July 14, 2023

The move-out ends

Yesterday, the packers came and packed. Today, the movers came and moved. All was relatively uneventful; both days, they were there by 8:30 and done by about 2. The house just has the items the buyer wanted to keep, and many rooms are almost totally empty, particularly the downstairs. Here's the view from the bay window looking back into the sun room:


Here's the sun room, with only a couple of items left:


And the master bedroom, totally empty:


And finally, the truck carrying everything (we hope) to Los Angeles (we hope!):



I'll have one more update after the closing, just the put a final (?) capstone on this blog.




July 6, 2023

The move-out progresses

 For a while, the house was getting emptier. First the piano went:


Then, one of the most frustrating things about moving out: finally cleaning up things the way they always should have been. For example, this is the garage after removing some things, but mostly just cleaning up and organizing stuff. Why didn't I do this when I lived here?

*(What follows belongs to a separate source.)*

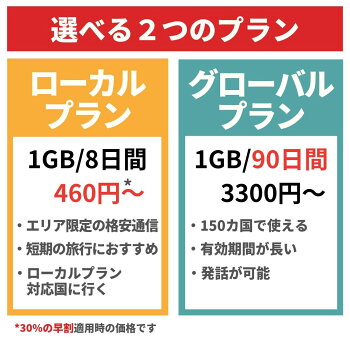 【選べるお得なプラン】 様々な国に行く方は全対応国で使えるグローバルプラン、 旅行、出張は格安のローカルプランがおすすめです。

Then, this past Monday was the first real mini-move. I disassembled the main bed and the wardrobe in the primary bedroom, and hauled them (and the mattress downstairs). Some strapping (and quite bilingual) fellows from Habitat came and hauled that away, along with a love sofa (see the previous post), a giant wooden desk with chair that came with us from Berkeley), and a small end table. The back room feels quite different. (For the record, Habitat will not take mattresses -- or love sofas with huge tears in them.)

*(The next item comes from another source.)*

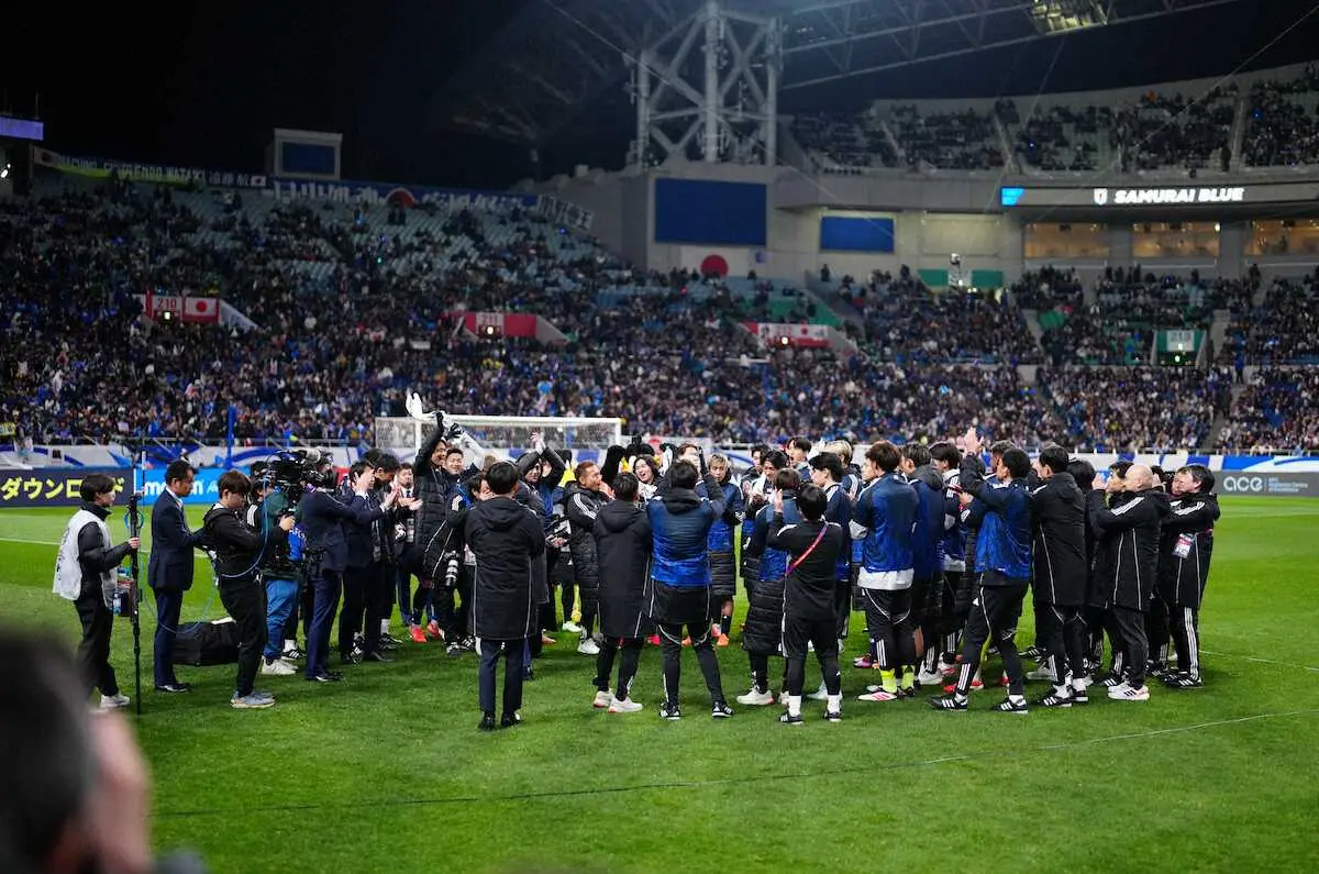 <W杯アジア最終予選 日本・バーレーン>円陣を組み喜ぶ選手たち(撮影・小海途 良幹)

Since them it's been pretty much all day going through every drawer, every cabinet, and clearing everything out and packing it into boxes; the goal is empty, clean drawers and shelves everywhere. (And of course you have to pull the drawers out, because there is some gross stuff back there behind them -- it's unclear how it gets there, but somehow it does!)


As that's been happening there have been almost daily trips to Goodwill; so far, between 10 and 20 cubic feet of stuff, plus about the same amount in trash and garbage. Today's final bit of work was moving the last dozen wine crates that we've been using as bookshelves since Berkeley (and I think Lilya brought a few from New York before that). Here they go!



As all that stuff is being pulled out of drawers, however, it has to go into boxes, which are slowly filling up the spaces depopulated by furniture moving out. 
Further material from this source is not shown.